Today's show is entitled, Everything You Always Wanted to Know About PEX Part 1 Let's Talk About PEX Introduction.
It is hosted by Trey and is about 13 minutes long.
It carries a clean flag. The summary is Introduction to PX.
Hello and welcome to a new series, Everything You Always Wanted to Know About PEX.
This is Part 1. Let's Talk About PEX and Introduction.
So why am I recording this? What's my story?
Well, I'm posting about plumbing on Hacker Public Radio, right? Well, of course, because it's of interest to hackers.
I find it interesting. I consider myself a hacker. We all like to learn new things.
We like to understand how things work, how things break, how to use non-standard approaches to solve problems.
And others can learn from our experience, our troubleshooting processes, etc.
And also I had fun creating these episode titles. So I hope you enjoy them as well.

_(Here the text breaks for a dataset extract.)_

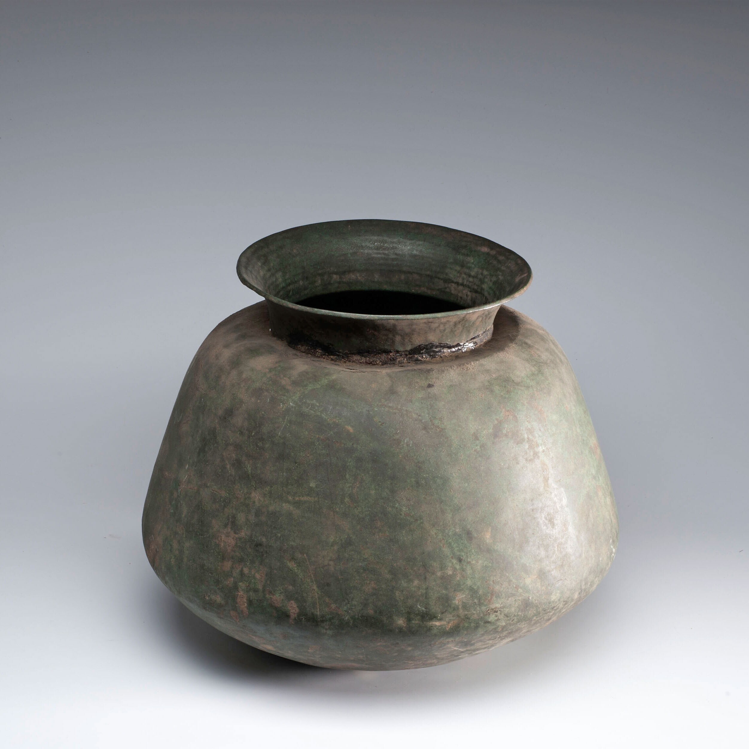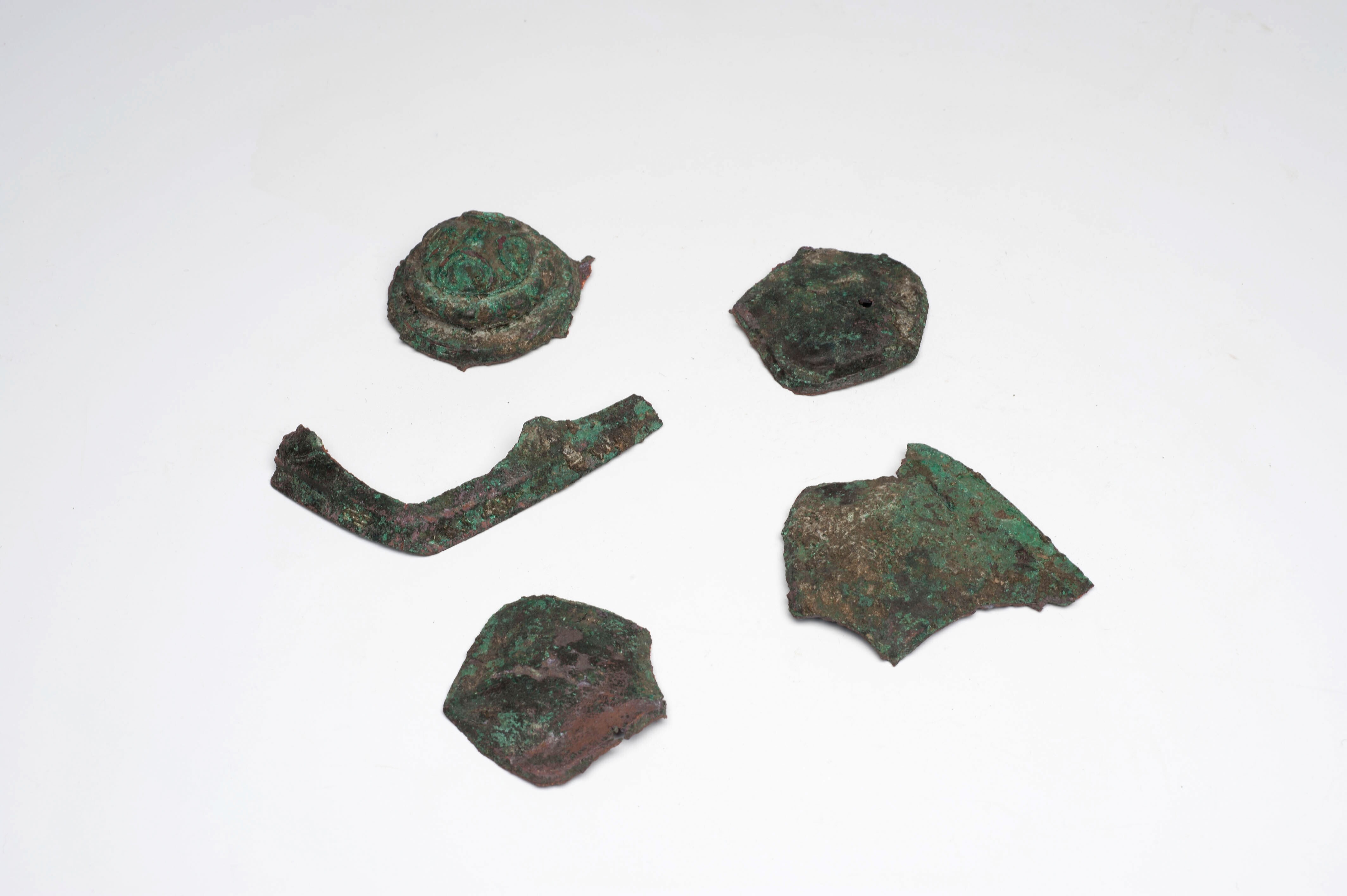 Vijf fragmenten van een koperen potje met een deksel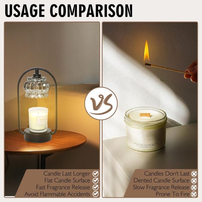 The Nearus Candle Warmer Lamp takes candle enjoyment to a new level by offering a safer and more efficient way to melt wax and release fragrance. Unlike traditional candles, which burn with an open flame, this electric warmer uses gentle heat to melt the wax from the top down. The result is an even, controlled melting process that preserves the life of your candles and maximizes their fragrance. No more worrying about soot, smoke, or burnt wicks—just pure, consistent enjoyment.

I've listened to folks talk about installing cat doors and many other projects that were outside the normal technical type of hacker episode that I would normally expect.
And so I thought I would build on that.
The primary reason behind this is because I was dealing with pinhole leaks in my copper pipe in the plumbing of my house.
Now, my plumbing is about 40 years old. It's original to the house, and it was installed using poor quality copper.
Add to that, it had shoddy installation. It was awful. The person that installed it failed to deeper the pipe before they soldered the pipes.
They did not properly hang the copper pipe from the joists. You had pipe sitting on pipe. You had pipe sitting on steel wire.
Those dissimilar metals and electrolysis can cause corrosion inside and outside of the pipe. And it was a mess.
The failure to deeper causes turbulence inside the pipe, which can put pressure in one specific section of the pipe helping to form pinhole leaks from the inside.
And bad soldering technique. I mean, there was just lumpy solder flux residue, excessive flux that was used so that also causes corrosion and deterioration of the pipe itself.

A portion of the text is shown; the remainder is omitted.